In 2024, the son-in-law of Francis X. Martin, Michael A. Bergeron, and his son, John F. Martin, released "The Ride of Their Lives: The Untold Story of Legendary Timely Writer & the Martin Family." See www.therideoftheirlives.com

==Honors==
Timely Writer was buried in the grass infield at the head of the stretch at Belmont Park, becoming one of only two thoroughbreds the New York Racing Association has granted such an honor. In August 2023, due to construction of a new synthetic track at Belmont, Timely Writer's remains were exhumed and reburied at Old Friends Farm in Kentucky.

He was named Florida-bred Two-Year Old Horse of the Year in 1981. That same year, he was selected by the New England Turf Writers Association as the 1981 Horse of the Year and the Champion Two-Year-Old Colt.
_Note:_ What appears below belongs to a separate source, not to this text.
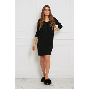 Whether you wear it as a nightshirt or just to chill in during the daytime, you'll love the super-soft comfort of this short loungewear dress which is made from breathable viscose modal. Design features include a free-flowing cut thanks to box pleats below the neckline, 3/4 length sleeves, and casual dropped shoulders.
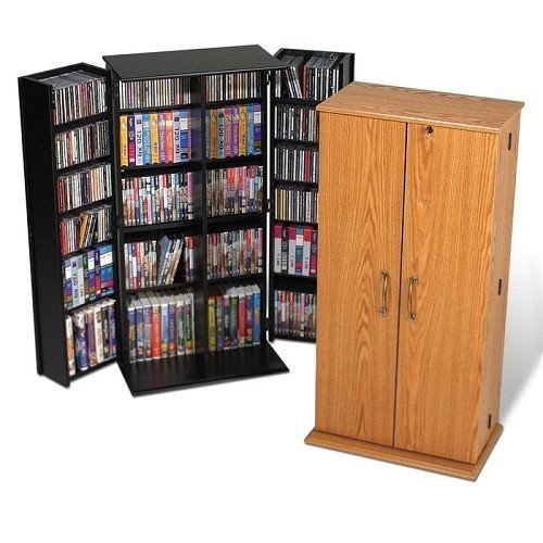 Keep your growing collection safe from prying eyes and sticky fingers with the Tall Locking Media Storage Cabinet. Fully adjustable shelves can be set to any position to accommodate your collection, and horizontal storage of media enables easy sorting, filing and re-filing of your collection as it grows. Off-set hinge points allow 180* movement for better display and access to door storage. Includes contemporary brushed nickel handles. Item can hold up to approximately 514 CDs or 320 DVDs or 190 videos or 118 Disney videos or any combination of the above. Also available in oak finish. Assembly Required.

A tribute to Timely Writer is included in the book "Beyond the Rainbow Bridge", by Kimberly Gatto (2005, Half Halt Press) ISBN 0-939481-71-5. Blood-Horse magazine also printed a twenty-five-year anniversary tribute article in its September 29, 2007 issue.

The New England Turf Writers Association enshrined Timely Writer in the N.E. Horse Racing Hall of Fame in 2008.

In March 2011 Gulfstream Park ran the first Timely Writer Stakes in his honor. The race for three-year-olds was won that year by Uncle Mo, the two-year-old champion of 2010.